Start of WORKING DATA

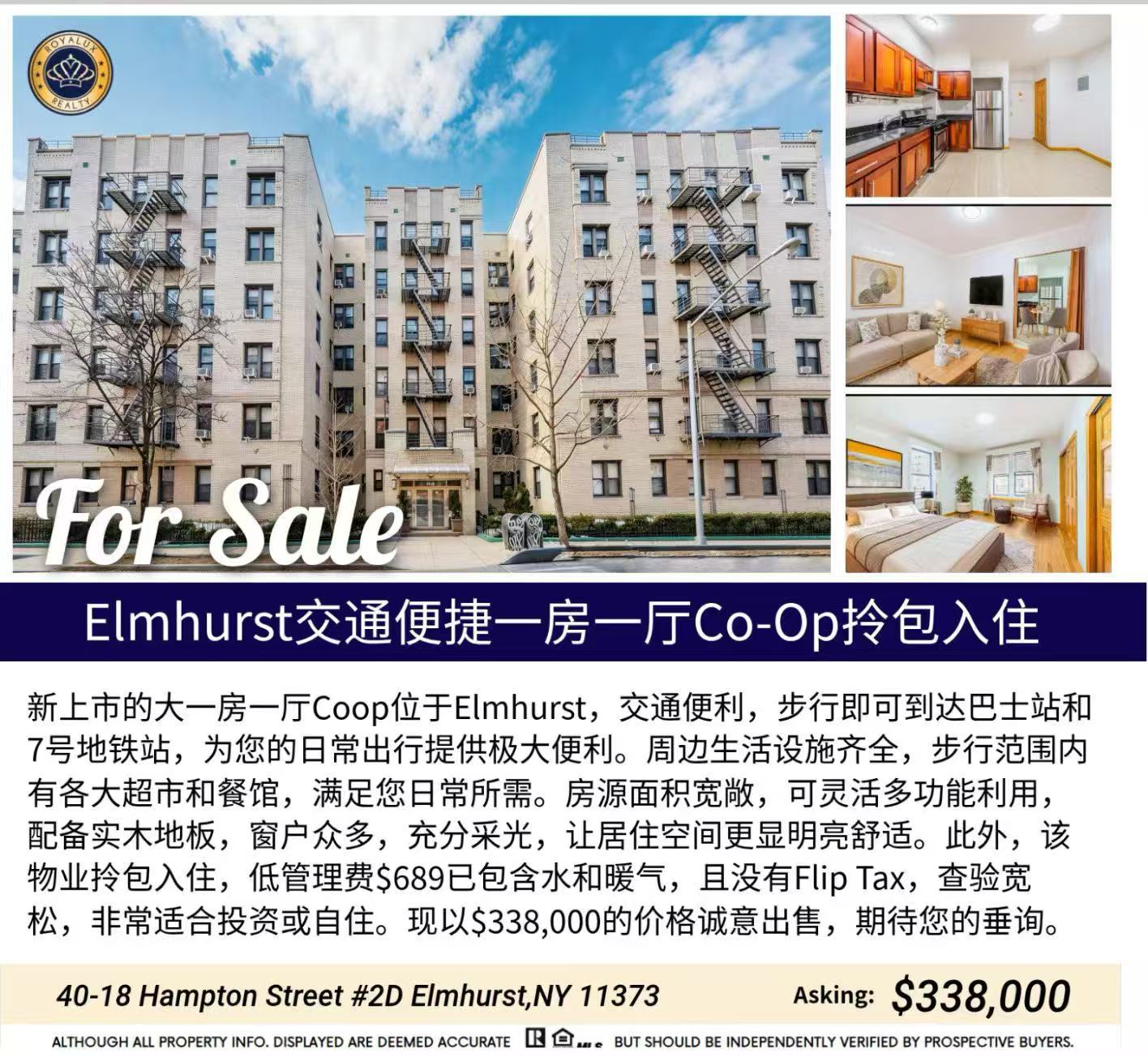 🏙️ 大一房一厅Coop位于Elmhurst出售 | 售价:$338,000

End of WORKING DATA
Start of WORKING DATA

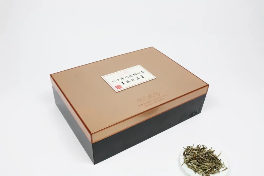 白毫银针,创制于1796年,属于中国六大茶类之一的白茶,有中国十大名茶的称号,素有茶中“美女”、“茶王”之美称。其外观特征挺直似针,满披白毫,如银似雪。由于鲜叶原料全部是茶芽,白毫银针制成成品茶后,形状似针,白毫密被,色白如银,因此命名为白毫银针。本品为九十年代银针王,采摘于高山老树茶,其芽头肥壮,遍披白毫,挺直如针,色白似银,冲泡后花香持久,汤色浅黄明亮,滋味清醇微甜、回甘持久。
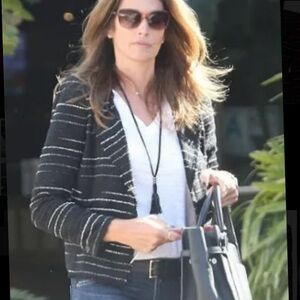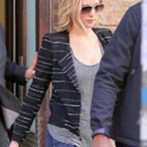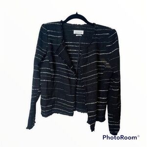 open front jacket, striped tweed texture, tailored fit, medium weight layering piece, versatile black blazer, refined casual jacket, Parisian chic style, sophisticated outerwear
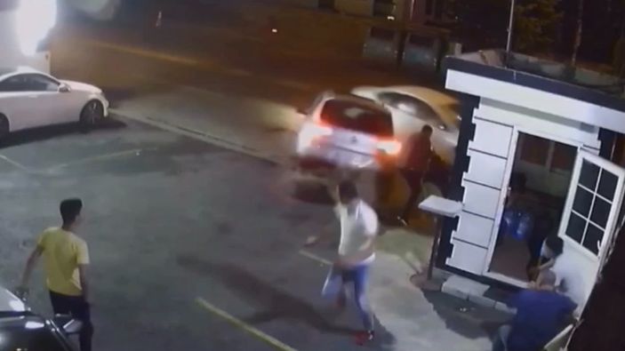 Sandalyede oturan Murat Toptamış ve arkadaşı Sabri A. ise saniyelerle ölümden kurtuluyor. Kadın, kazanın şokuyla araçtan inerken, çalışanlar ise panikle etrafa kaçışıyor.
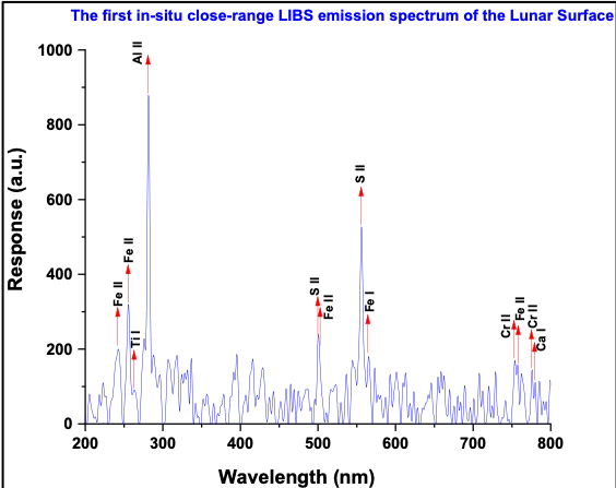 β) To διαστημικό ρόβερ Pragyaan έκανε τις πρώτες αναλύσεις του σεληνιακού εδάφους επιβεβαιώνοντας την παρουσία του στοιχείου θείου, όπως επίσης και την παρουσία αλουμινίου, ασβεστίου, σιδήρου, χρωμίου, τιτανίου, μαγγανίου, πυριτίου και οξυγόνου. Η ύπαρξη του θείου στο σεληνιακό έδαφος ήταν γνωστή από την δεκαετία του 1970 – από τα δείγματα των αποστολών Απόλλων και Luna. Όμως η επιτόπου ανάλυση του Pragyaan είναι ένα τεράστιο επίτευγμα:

End of WORKING DATA

◆ WHAT IS EXPECTED: Range to print from the listing above: from the line with "open front jacket, striped" up to and including the line with "β) To διαστημικό". Please print those lines exactly, with no pictures and nothing more.

◆ SOLUTION TO THIS PROBLEM:
 open front jacket, striped tweed texture, tailored fit, medium weight layering piece, versatile black blazer, refined casual jacket, Parisian chic style, sophisticated outerwear
 Sandalyede oturan Murat Toptamış ve arkadaşı Sabri A. ise saniyelerle ölümden kurtuluyor. Kadın, kazanın şokuyla araçtan inerken, çalışanlar ise panikle etrafa kaçışıyor.
 β) To διαστημικό ρόβερ Pragyaan έκανε τις πρώτες αναλύσεις του σεληνιακού εδάφους επιβεβαιώνοντας την παρουσία του στοιχείου θείου, όπως επίσης και την παρουσία αλουμινίου, ασβεστίου, σιδήρου, χρωμίου, τιτανίου, μαγγανίου, πυριτίου και οξυγόνου. Η ύπαρξη του θείου στο σεληνιακό έδαφος ήταν γνωστή από την δεκαετία του 1970 – από τα δείγματα των αποστολών Απόλλων και Luna. Όμως η επιτόπου ανάλυση του Pragyaan είναι ένα τεράστιο επίτευγμα:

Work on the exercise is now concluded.